_Aim of the task:_ Repeat the entries without change, omitting the pictures.

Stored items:
---------------
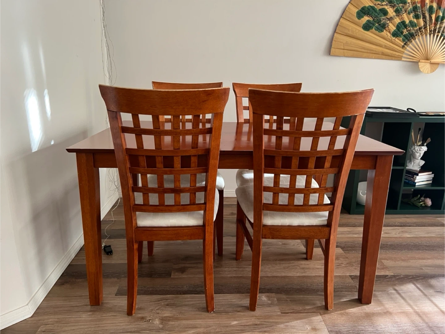 This is a real wooden dining table set that includes four chairs. There are some scratches on the table surface. All real wood, used to be an expensive piece, great for renovating. Coming from pet free smoke free home.
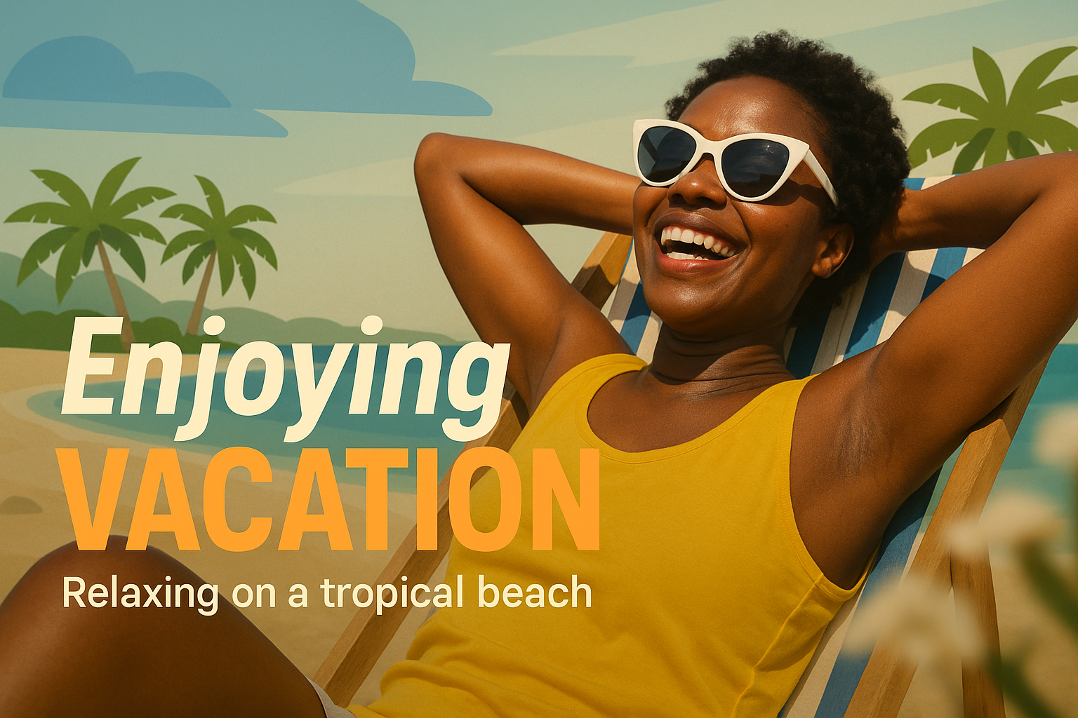 /Collection: /by davooda/Type: PNG/Vibrant image of a woman enjoying her vacation on a tropical beach, radiating happiness. The scene captures the essence of relaxation with a bright color palette and sunny atmosphere, ideal for travel and leisure marketing.
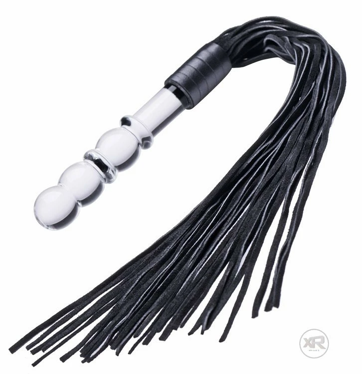This elegantly handcrafted impact toy also doubles as a dildo for pussy or ass! Experience incredible sensation, inside and out with the soft suede falls of the flogger and the smooth, hard glass of the significantly textured dildo. The durable Borosilicate glass can be heated up or cooled down for temperature play. The falls will even make it look like a tail when it’s sticking out of your sub’s ass! You control how hard the impact is on your partner, delivering a light flogging or a hard thrashing. This luxurious toy is a must-have for the Dom with refined tastes.
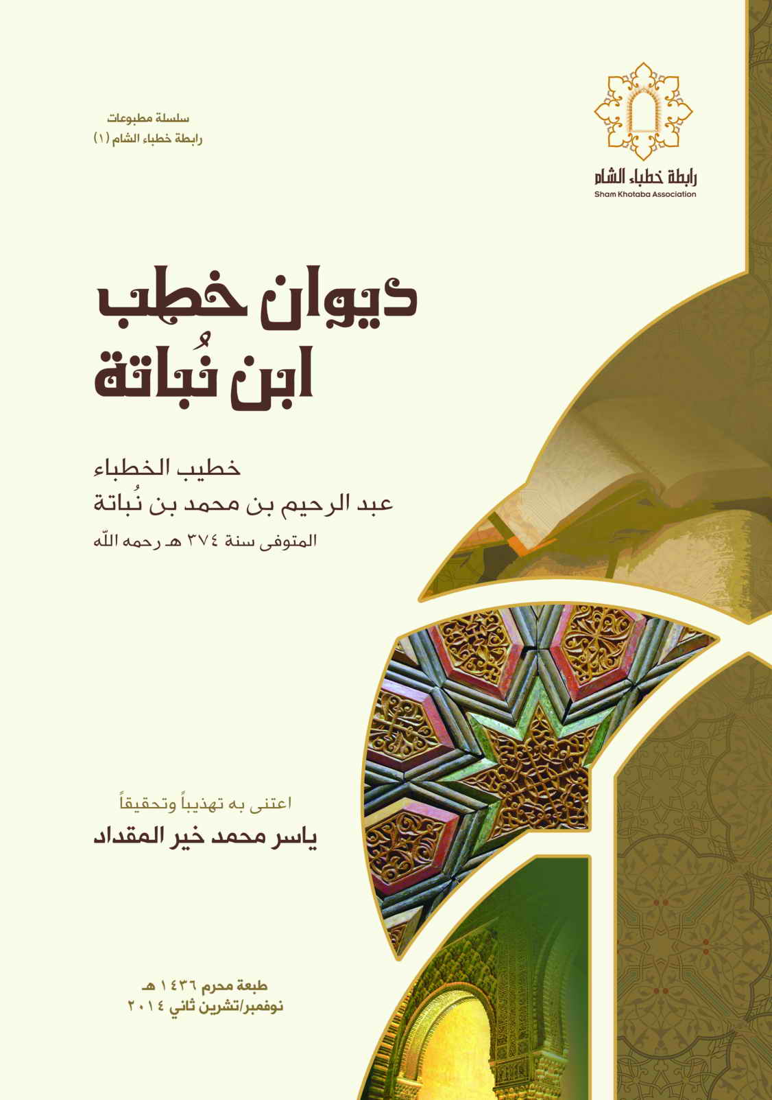 وبعد: أضع بين يديك أيها الخطيب الألمعي هذا السِّفر الفذّ في بابه، الذي طبّقت شهرتُه الآفاق: ديوان خطب ابن نباتة،المتوفى سنة أربعمئة وثلاث وسبعين للهجرة(473ھ) إذ هو بحقٍّ روضةٌ أدبية ومادة ثرية للخطيب من حيث غزارة وفرادة المفردات والتراكيب، وجزالة التعابير، وحسن الاستعارة، وروعة التشبيه مع الحفاظ على قوة المعاني والمضامين .
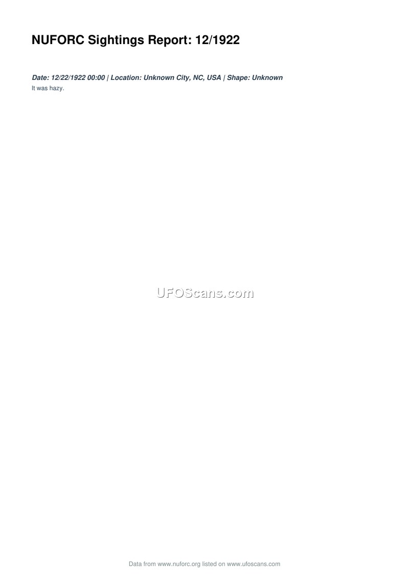 A brief NUFORC sighting report from December 22, 1922, in North Carolina. The report provides no details on the object, noting only that the weather was hazy.
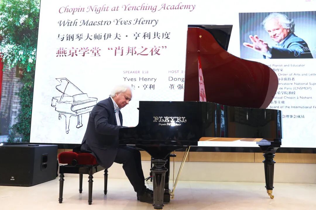 2025年11月1日晚,北京大学第二体育馆报告厅内琴声悠扬,全球著名钢琴家、教育家伊夫·亨利(Yves Henry)到访北京大学燕京学堂,为现场师生带来一场沉浸式肖邦音乐盛宴。这位集法国文学与艺术军官勋章获得者、巴黎国立高等音乐学院教授、法国诺昂肖邦音乐节主席,波兰国际肖邦协会联合会理事会成员等多重身份于一身的大师,以演奏加讲解的独特形式,搭建起跨越时空的音乐桥梁。
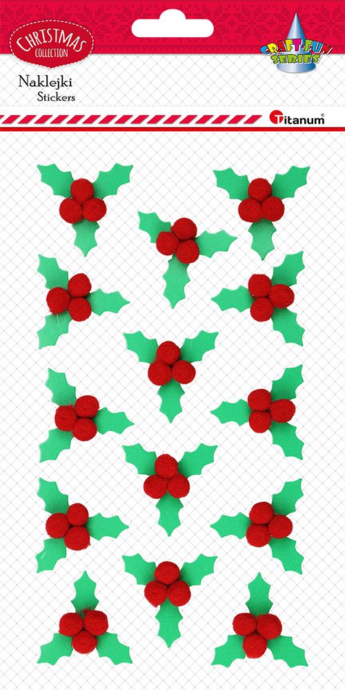 Naklejka (nalepka) Craft-Fun Series 3D liście ostrokrzewu z owocami z pomponów Titanum (25CY0424-17)
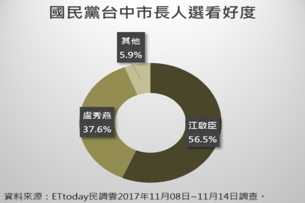 在競爭對(duì)手部分,盧秀燕的民調(diào)支持度暫時(shí)領(lǐng)先江啟臣8%;但在看好度部分,江啟臣則是略高盧秀燕約2%。學(xué)經(jīng)歷部分,有52%民眾認(rèn)為江啟臣比較符合市民對(duì)市長身份的期待,盧秀燕則只有34.51%。在競選對(duì)戰(zhàn)支持度部分,江啟臣以46.3%,勝過林佳龍的30.37%,盧秀燕則以46.43%勝過林佳龍的29.71%。
---------------
_Expected answer:_
 This is a real wooden dining table set that includes four chairs. There are some scratches on the table surface. All real wood, used to be an expensive piece, great for renovating. Coming from pet free smoke free home.
 /Collection: /by davooda/Type: PNG/Vibrant image of a woman enjoying her vacation on a tropical beach, radiating happiness. The scene captures the essence of relaxation with a bright color palette and sunny atmosphere, ideal for travel and leisure marketing.
This elegantly handcrafted impact toy also doubles as a dildo for pussy or ass! Experience incredible sensation, inside and out with the soft suede falls of the flogger and the smooth, hard glass of the significantly textured dildo. The durable Borosilicate glass can be heated up or cooled down for temperature play. The falls will even make it look like a tail when it’s sticking out of your sub’s ass! You control how hard the impact is on your partner, delivering a light flogging or a hard thrashing. This luxurious toy is a must-have for the Dom with refined tastes.
 وبعد: أضع بين يديك أيها الخطيب الألمعي هذا السِّفر الفذّ في بابه، الذي طبّقت شهرتُه الآفاق: ديوان خطب ابن نباتة،المتوفى سنة أربعمئة وثلاث وسبعين للهجرة(473ھ) إذ هو بحقٍّ روضةٌ أدبية ومادة ثرية للخطيب من حيث غزارة وفرادة المفردات والتراكيب، وجزالة التعابير، وحسن الاستعارة، وروعة التشبيه مع الحفاظ على قوة المعاني والمضامين .
 A brief NUFORC sighting report from December 22, 1922, in North Carolina. The report provides no details on the object, noting only that the weather was hazy.
 2025年11月1日晚,北京大学第二体育馆报告厅内琴声悠扬,全球著名钢琴家、教育家伊夫·亨利(Yves Henry)到访北京大学燕京学堂,为现场师生带来一场沉浸式肖邦音乐盛宴。这位集法国文学与艺术军官勋章获得者、巴黎国立高等音乐学院教授、法国诺昂肖邦音乐节主席,波兰国际肖邦协会联合会理事会成员等多重身份于一身的大师,以演奏加讲解的独特形式,搭建起跨越时空的音乐桥梁。
 Naklejka (nalepka) Craft-Fun Series 3D liście ostrokrzewu z owocami z pomponów Titanum (25CY0424-17)
 在競爭對(duì)手部分,盧秀燕的民調(diào)支持度暫時(shí)領(lǐng)先江啟臣8%;但在看好度部分,江啟臣則是略高盧秀燕約2%。學(xué)經(jīng)歷部分,有52%民眾認(rèn)為江啟臣比較符合市民對(duì)市長身份的期待,盧秀燕則只有34.51%。在競選對(duì)戰(zhàn)支持度部分,江啟臣以46.3%,勝過林佳龍的30.37%,盧秀燕則以46.43%勝過林佳龍的29.71%。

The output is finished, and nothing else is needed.